Rating: Summary: horrible stuff Review: yes,this is horrible stuff,don't understand the popularity of this book at all. All those obsessive sleeping and feeding routines. How has womankind managed all these thousands of years bringing up babies - without clocks - and without busybody midwife dictators like G Ford telling women what they should be doing at any given moment in the day. For many of us with new babies - or indeed an older baby - we feel the need to be rest and enjoy our babies, sleeping when you're both tired, and feeding/eating when you're both hungry. But sometimes I wonder, is that just too easy, happy and obvious??!! (I would like to ask Gina Ford why should any mother with a new baby be washed, dressed and ready to "go" (go where one might ask) at 7 a.m. in the morning.) The years of work/school routines beckon soon enough - why not enjoy early motherhood for all its peace, love and spontaneity? To me, this book belongs firmly in the dark ages of child factory workers, where children were seen and not heard and babies were here to be disciplined and subjugated from birth (not to mention their mothers). As an side, today, I find it depressing to meet so many new mothers whose main subject of conversation is their obsessive sleeping and feeding routines, and I am sure books like this have a lot to answer for. P.S. Its interesting that Gina Ford's other book is on weaning - not breastfeeding, but weaning - another depressing obsession. ...

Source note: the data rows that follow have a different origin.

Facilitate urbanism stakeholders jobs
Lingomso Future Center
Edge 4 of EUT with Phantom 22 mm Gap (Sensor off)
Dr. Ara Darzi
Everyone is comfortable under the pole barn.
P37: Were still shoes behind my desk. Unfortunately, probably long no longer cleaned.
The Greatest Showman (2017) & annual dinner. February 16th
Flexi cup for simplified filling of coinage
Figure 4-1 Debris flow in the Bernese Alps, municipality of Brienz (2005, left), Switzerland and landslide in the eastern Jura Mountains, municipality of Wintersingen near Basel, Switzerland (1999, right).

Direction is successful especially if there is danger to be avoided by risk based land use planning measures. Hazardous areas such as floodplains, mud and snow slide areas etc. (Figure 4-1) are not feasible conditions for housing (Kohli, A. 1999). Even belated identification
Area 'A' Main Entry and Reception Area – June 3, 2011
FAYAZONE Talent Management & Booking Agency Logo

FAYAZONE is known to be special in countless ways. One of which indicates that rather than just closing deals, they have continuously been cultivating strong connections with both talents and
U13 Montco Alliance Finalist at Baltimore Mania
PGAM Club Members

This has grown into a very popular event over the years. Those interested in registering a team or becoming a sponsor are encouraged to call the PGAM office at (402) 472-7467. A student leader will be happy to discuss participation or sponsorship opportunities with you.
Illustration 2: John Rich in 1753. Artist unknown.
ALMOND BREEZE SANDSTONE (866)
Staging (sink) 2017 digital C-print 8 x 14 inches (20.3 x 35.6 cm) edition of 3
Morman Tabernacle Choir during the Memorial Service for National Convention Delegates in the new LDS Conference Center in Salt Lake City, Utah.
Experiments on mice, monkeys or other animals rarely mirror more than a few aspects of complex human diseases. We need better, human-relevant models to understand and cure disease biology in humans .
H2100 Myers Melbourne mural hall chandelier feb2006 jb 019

Rating: Summary: terrific Review: My pediatrician recommended this book and after following its instruction after only a day! my 5 week old newborn was giving me 7-8 hours of sleep a night. While the program may seem rigid at first, it is worth adhering to in the beginning since it works!! Also, it really helped me establish a routine, which babies thrive on. The only reason I didn't give the book a 5/5 is that it doesnt always explain what to do if your child won't respond to the schedule. I still think its a must read for a new mommy who is feeding on demand (a no-no in this book) and not getting any sleep. It changed my life!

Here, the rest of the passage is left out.